HC Deb 18 December 1912 vol 45 cc1490-1
76. Mr. WRIGHT

asked the Secretary to the Treasury what is the population of the county of Derbyshire; and what is the yearly number of deaths from consumption in that county?


My right hon. Friend has asked me to reply to this question. The population of the administrative county of Derbyshire at the recent Census was 560,013. According to the figures supplied to me from the office of the County Medical Officer of Health, for the last five years the average number of deaths from tuberculosis has been 665 a year.

77. Mr. WRIGHT

asked the Secretary to the Treasury whether, on the basis recommended by the Circular of the Local Government Board dated the 14th May, 1912, 228 beds in sanatoria and other institutions are required in Derbyshire, and not sixty-eight, and that the cost of such beds at 35s. per week per bed is £20,748, and not £6,188?

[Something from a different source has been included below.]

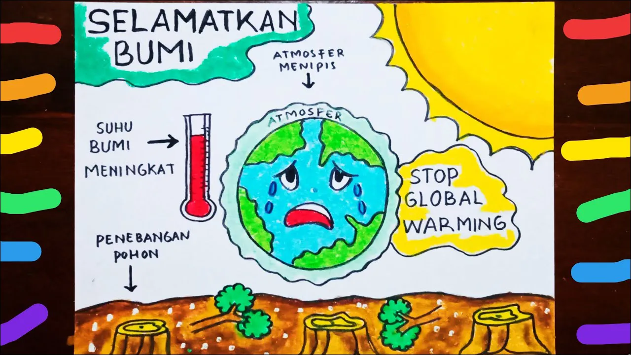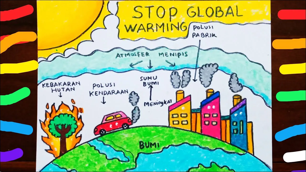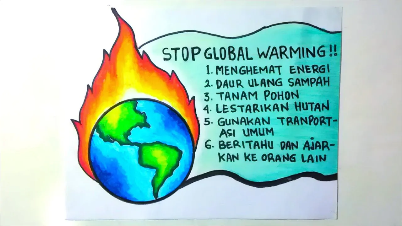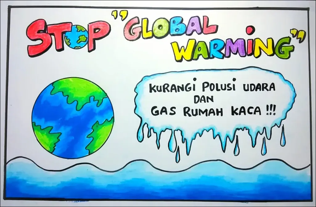 Berikut kumpulan contoh poster pemanasan global yang mudah digambar dan ditiru anak SD, SMP, SMA!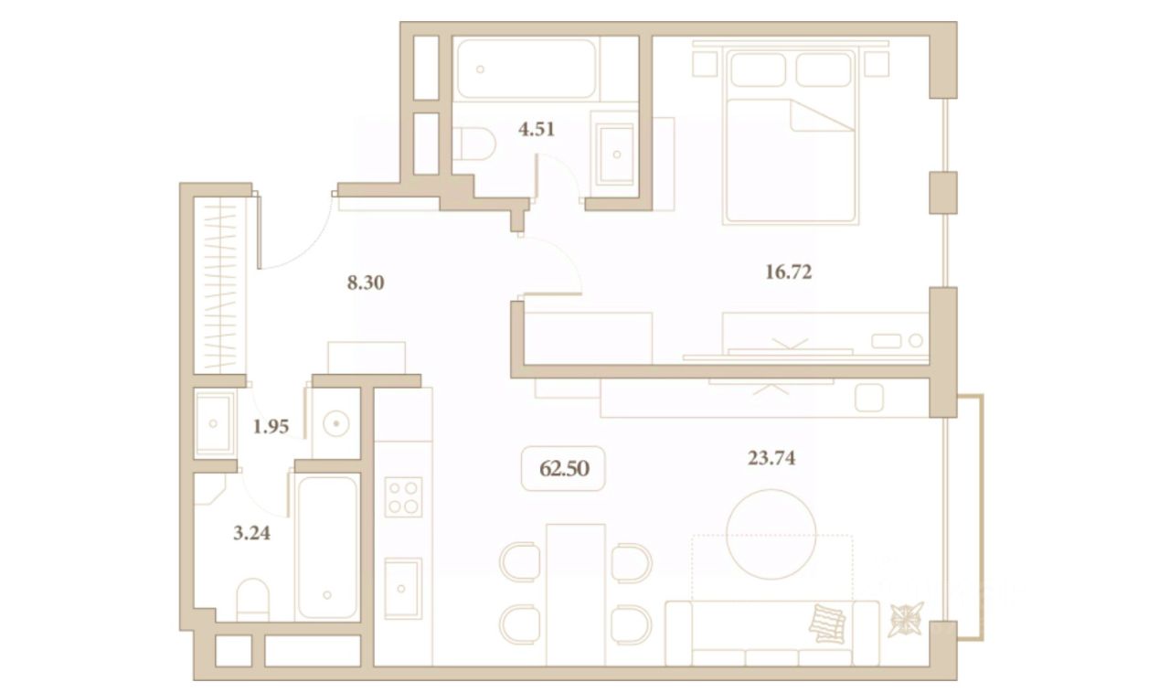 Общая площадь62,5 м²

If the hon. Member will refer to the answer which I gave on the 4th December he will see that the sum of £6,000 there mentioned relates to the cost of sanatorium and hospital treatment for insured persons only, whereas the Circular of the Local Government Board relates to schemes for the whole population.


In reference to the whole of the population——


I believe the county is considering a scheme for dealing with the whole of the population.

78. Mr. WRIGHT

asked the Secretary to the Treasury what number of beds in sanatoria is provided for in the scheme of the Derbyshire County Committee; what would be their cost at 35s. per week per bed; whether that committee has recently decided not to proceed with that scheme; and, if so, what course was decided upon?

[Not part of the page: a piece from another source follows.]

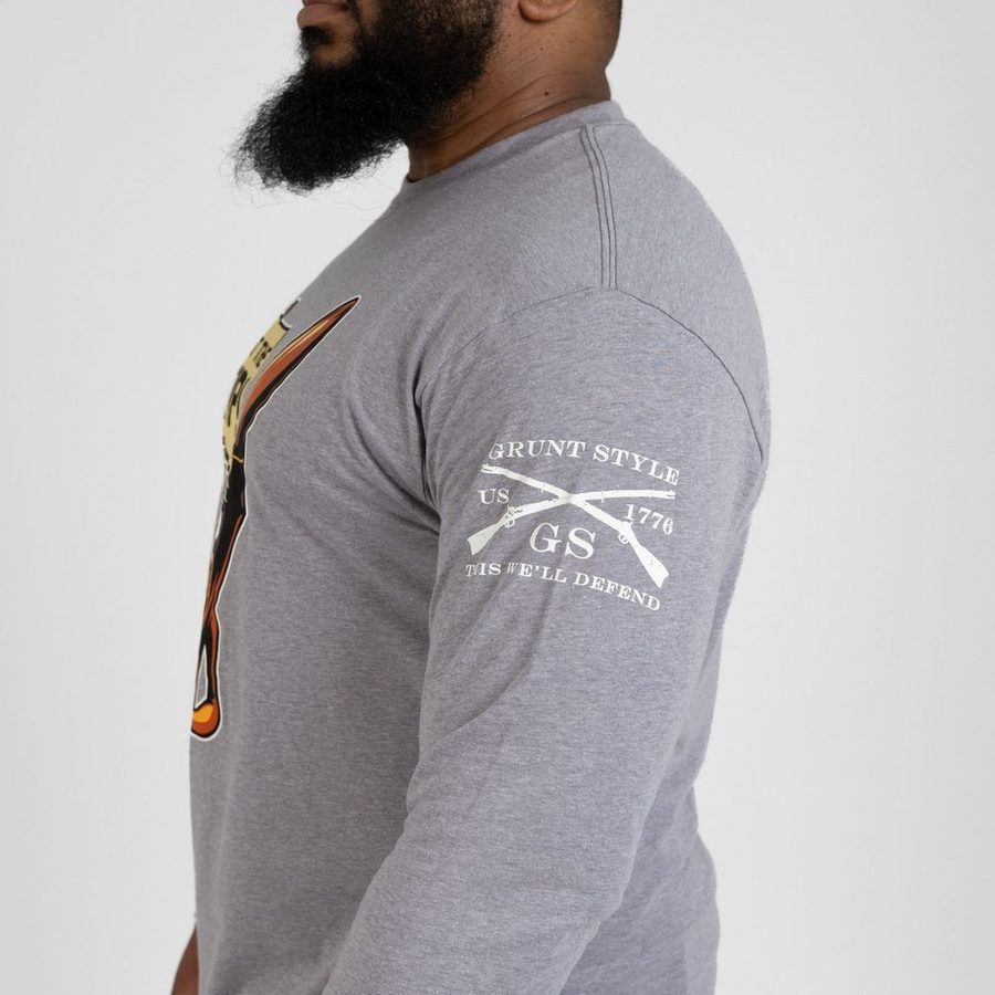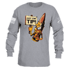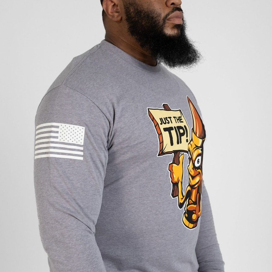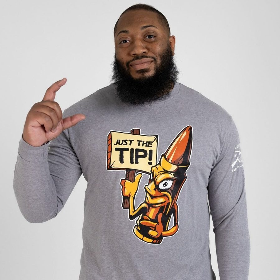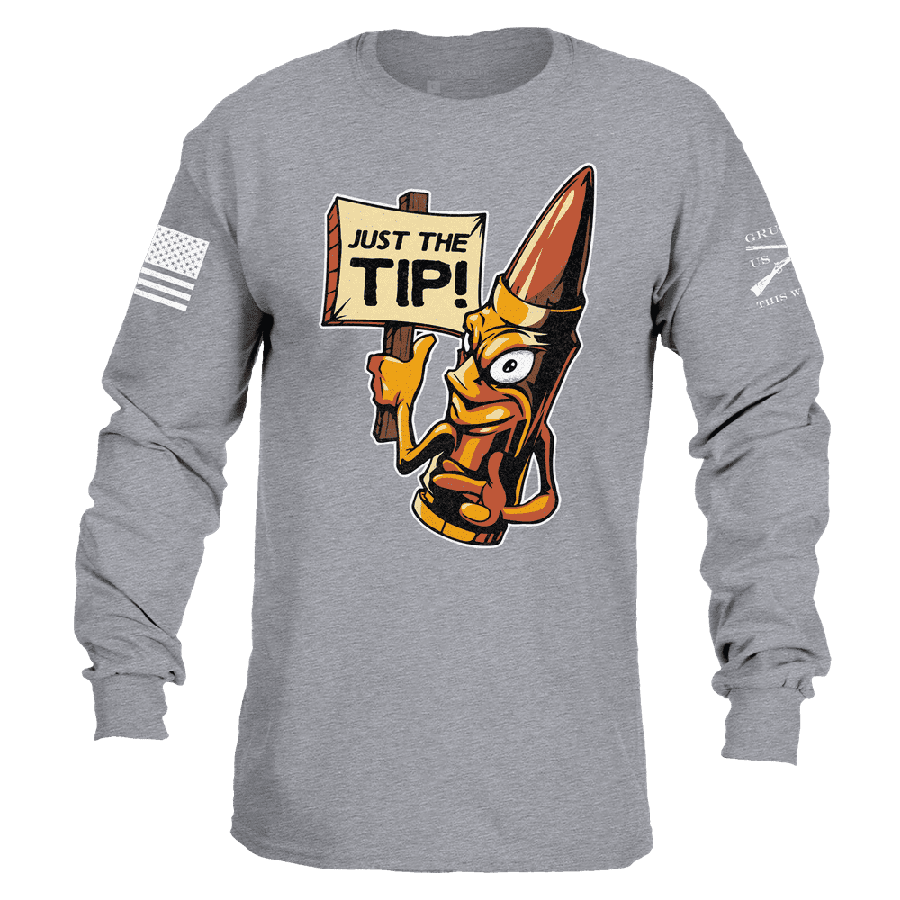 Same savage attitude—now with long sleeves. The Just The Tip Long Sleeve in Dark Heather Gray brings the heat with cold-weather coverage and a shot of dark humor straight from the ammo can. Featuring a bold bullet graphic and that infamous line, this one’s for the patriots who shoot straight and joke sharper.

The scheme proposed to provide 163 sanatorium beds and fifty hospital beds for the whole county at an annual cost of 28s. per week in the case of sanatorium beds, and 20s. per week in the case of hospital beds; it was proposed that three of the suggested sanatoria should serve also as sorting stations and dispensaries. The estimated total annual cost of these institutions is £12,189. Taking the insured population to be a little over one-third of the whole population the full proportion, or rather more than £4,000, might be derived according to this scheme from the Insurance Committee, and this would still leave rather more than £6,000, derived from the contributions of insured persons only, for other dispensaries and for dispensary and domiciliary treatment generally. The scheme proposed allowed only £800 for the services of general practitioners, and it will therefore require reconsideration in this respect.